Я протянула руку и меня легко, точно пробку из бутылки, выдернули наверх, где я вдохнула пропитанный гарью воздух, закашлялась.
Грянул выстрел, еще один. Я вздрогнула, начиная понимать, что вокруг творится нечто страшное.
— Шанти, цела?
Размазывая слезы, выступившие от дыма, я вцепилась в дядю. Было страшно до рыданий, судорогами сотрясавшее мое тело.
— Ну-ну, перестань. Ничего страшного не произошло. Парня слегка зацепило. Живучий, успел спрыгнуть. Лошадей жаль, да. Пришлось пристрелить, чтоб не мучились. Все, Шанти, хватит.
Меня похлопали по спине, погладили по голове.
— Успокаиваешь?
Рывок, я оказалась лицом к Ракель, очень злой Ракель, на лбу которой багровела ссадина, по форме смахивающая на отпечаток каблука.
Правую щеку обожгло болью, потом левую.
Онемев от удивления — я даже плакать перестала — так и застыла, выпучив глаза, не веря, что меня только что отхлестали по щекам.
— Вот как надо успокаивать, — подытожила с явным удовлетворением Ракель, точно я была её экзаменационной работой, которую она с блеском защитила.
Нет, никакого увольнения! Утоплю! Доберусь до парохода и сброшу темной ночью за борт. Оскорбление смывают кровью. И плевать, что так говорят мужчины. Я тоже могу постоять за себя.
— Впереди чисто, — из дыма вынырнул слуга Леона.
— Уходим, — тут же принял решение дядя, — идем через доки. Держимся вместе. Никто не отстает. В случае чего, Леон — женщины на тебе.
— Ты кое-что забыла, — Леон вручил мне сумку с дневником. Досадно. Я надеялась его «потерять» в карете.
Гриан достал из покалеченной кареты багаж, мужчины проверили оружие, сняв револьверы с предохранителей. Я от проверки воздержалась. Карман юбки приятно оттягивала тяжесть моего дамского револьвера, внутри зудело желание пустить его в ход. Впрочем, двух взглядов — на дядю и на жениха — хватило, чтобы желание пострелять испарилось. Первый выпорет, а второй… О том, что сделает второй думать почему-то было волнительно. Я даже отвлеклась от жуткой картины: лежащей на боку кареты, двух лошадиных трупов и одного бледного молодого человека, которому мы оставили на попечение остальных лошадей. Его же обязали дождаться властей — если те соизволят, что весьма сомнительно, появиться.
Доки встретили нас тишиной, горелым воздухом и грязью. Ветерок, которому я поначалу обрадовалась, нес вонь гниющих водорослей и тухлой рыбы, сквозь которую едва угадывался соленый аромат моря.
Море здесь было. Голубой лентой выскакивало меж покосившимися ангарами, маня к себе криками чаек, шлепало волнами по пирсу, но, бездна, как же от него воняло! А мы жались друг к другу, крадучись пробирались мимо наваленных мешков, развешенных сетей и куч мусора.

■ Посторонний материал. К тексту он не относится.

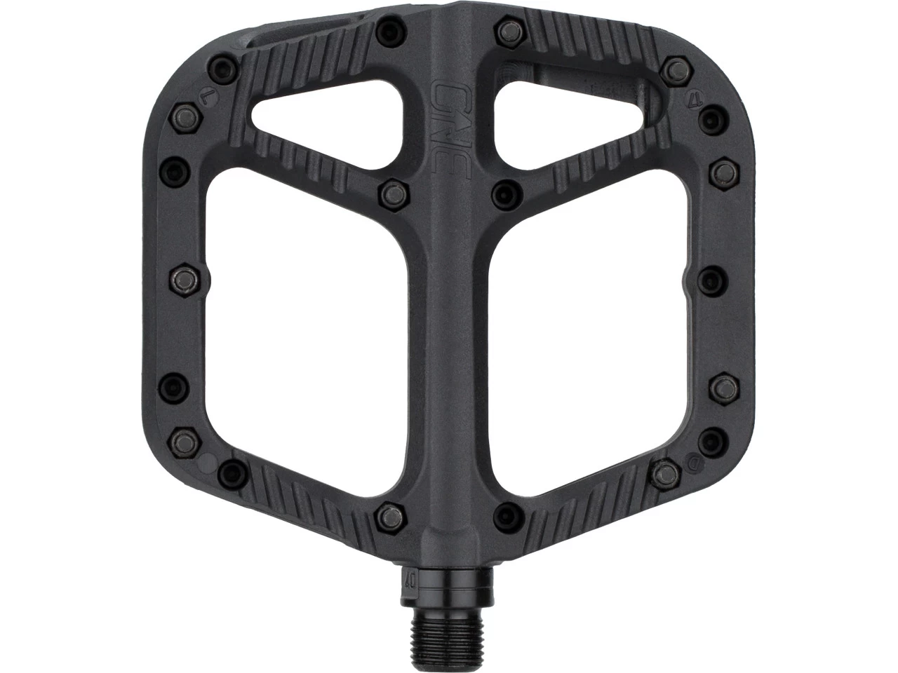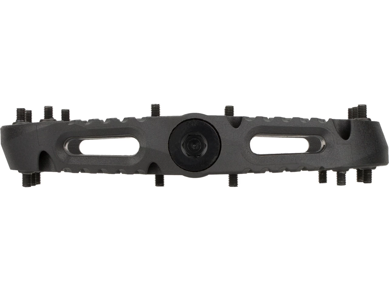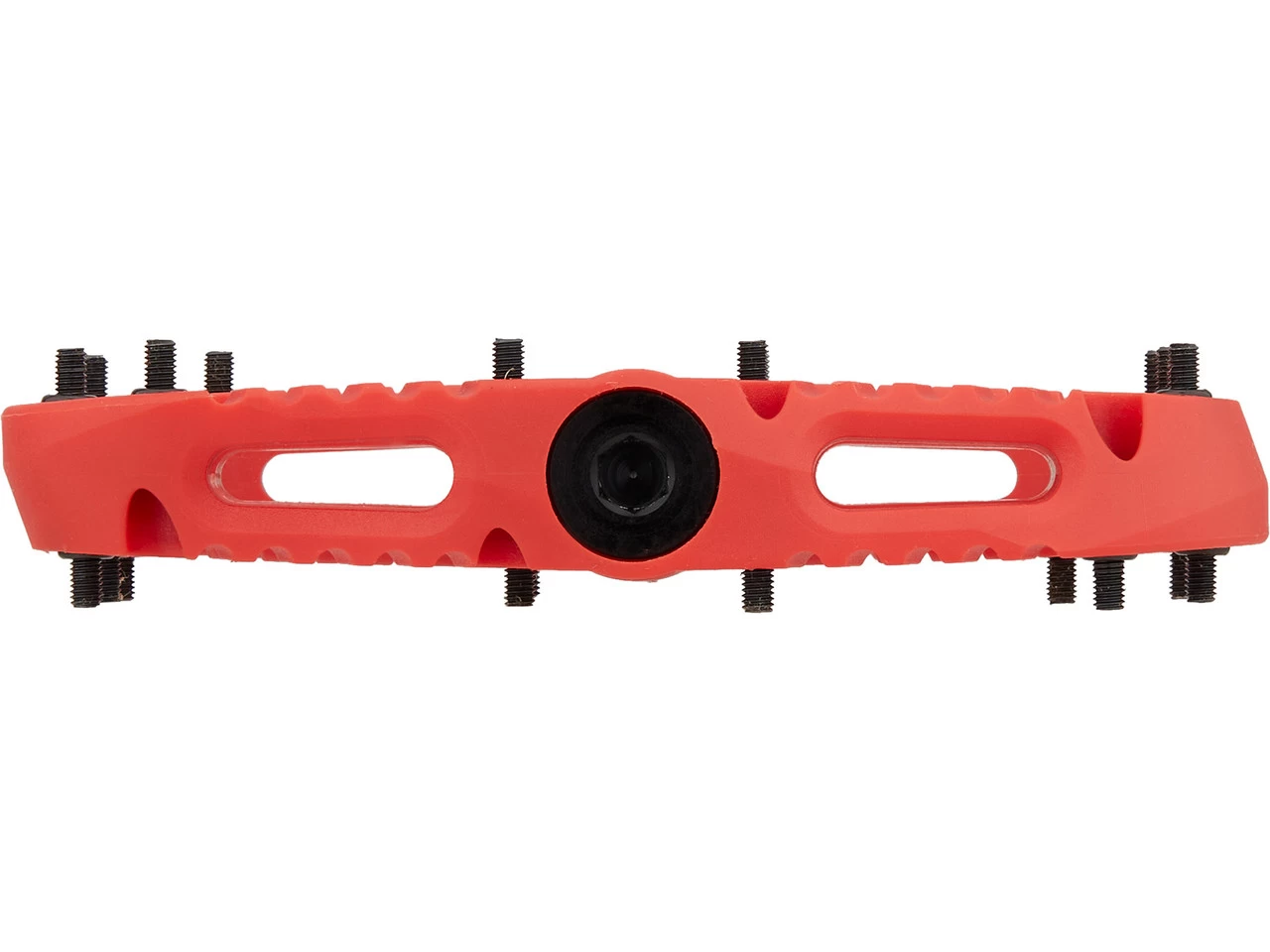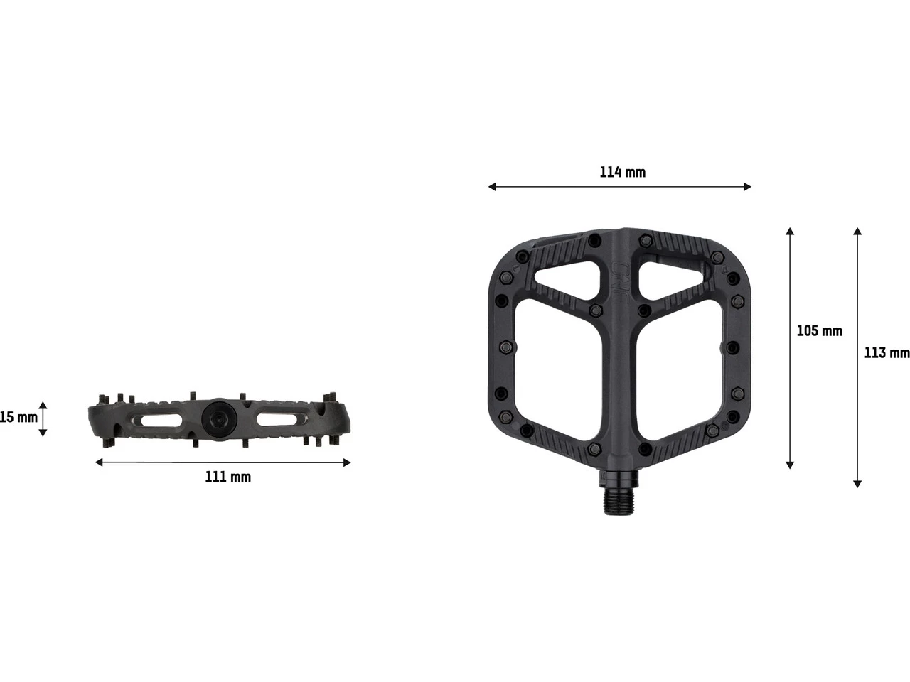 Spezifikationen:Einsatzbereich:All Mountain, Enduro, DownhillAusführung:PlattformpedaleTechnische Daten:Material Pedalkörper:Kunststoff (Nylon Komposit)Material Achse:Stahl (CrMo)Lagerung:DU, IndustrielagerBauhöhe:13,3 – 18,5 mmMaße (Länge x Breite):115 mm x 105 mm*Anzahl Pins pro Pedal:20
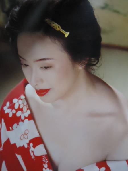 そして赤い口紅と赤い着物がとてもよく似合っています。少し微笑んでいるのも、魅力的です。
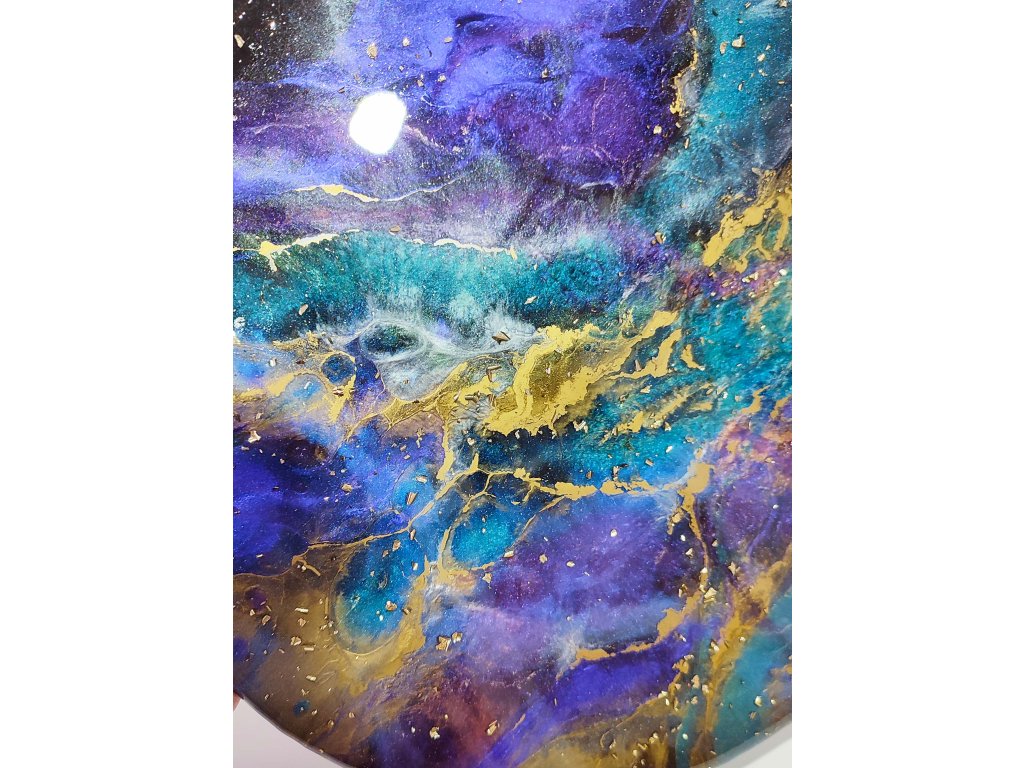 Obraz vznikal ručně, odléváním několika vrstev epoxidové pryskyřice, což vytváří ohromující vizuální hloubku. Trojrozměrné efekty malby jsou dechberoucí. Prokládané vrstvy, světlo odrážející pigmenty a pečlivě umístěné kamínky, vytvářejí fascinující pocit hloubky a pohybu, které vás donutí znovu a znovu k novému prozkoumávání obrazu. Nebula Nova není jen obraz; je to jedinečné dílo svého druhu – nekupujete jen umění; získáváte kousek vesmíru, který je výhradně váš. Žádné dva kusy nikdy nemohou být stejné.
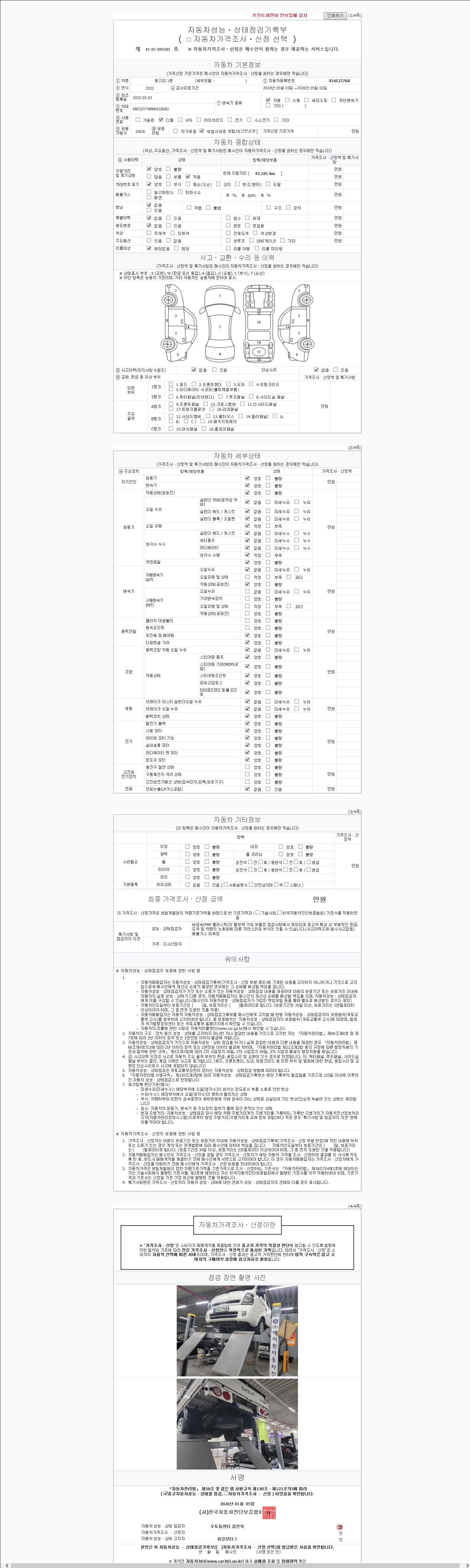2. 차량 등록증이나 성능점검지 등을 상담자에게 요청및 확인하시고 사전에 미리 점검 하시기를 권유드립니다.
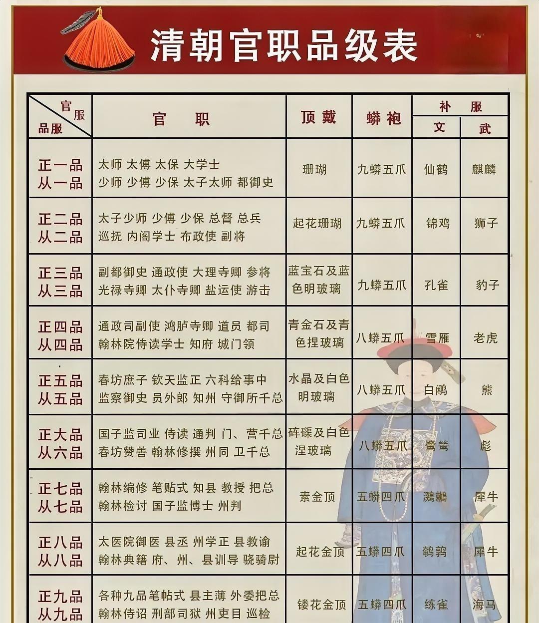 清朝官服飞禽走兽辨文武 观顶戴,知官品: 一品大员头戴鲜艳的红珊瑚顶子,二品为起花珊瑚顶,三品换成蓝宝石顶,到六品则是砗磲白顶,七品以下皆为金顶(素金、起花、镂花可区分更细的品级)。顶戴一眼便能看出尊卑! 数蟒爪,辨地位: 一至三品的高官身着“九蟒五爪”袍服,四至六品降为“八蟒四爪”(图片有误),七品及以下的小官只能穿“五蟒四爪”。蟒与爪数量的差别,彰显着天壤之别的地位! 补服纹样,区分文武: 文官补服绣飞禽:一品绣仙鹤、二品绣锦鸡、三品绣孔雀……直至九品绣练雀; 武官补服绣走兽:一品绣麒麟、二品绣狮子、三品绣豹子……末九品绣海马。 文臣气质飘逸,武将形象威猛,二者泾渭分明! 冠帽之上,尽显阶级!

— Как-то тихо, — озвучил Леон всеобщее подозрение.
— Большинство на разгрузке и загрузке парохода, — проявил осведомленность дядя, добавив: — Я был бы рад, если бы там оказались все. Меня больше беспокоит взрыв и то, что им не воспользовались.
Я опасений дяди не разделяла, а вот местных было жаль. Четверо вооруженных мужчин со зверскими рожами, две потрепанные женщины. Встреть нас в полумраке ангара, через который мы решили срезать путь, и кошмары обеспечены.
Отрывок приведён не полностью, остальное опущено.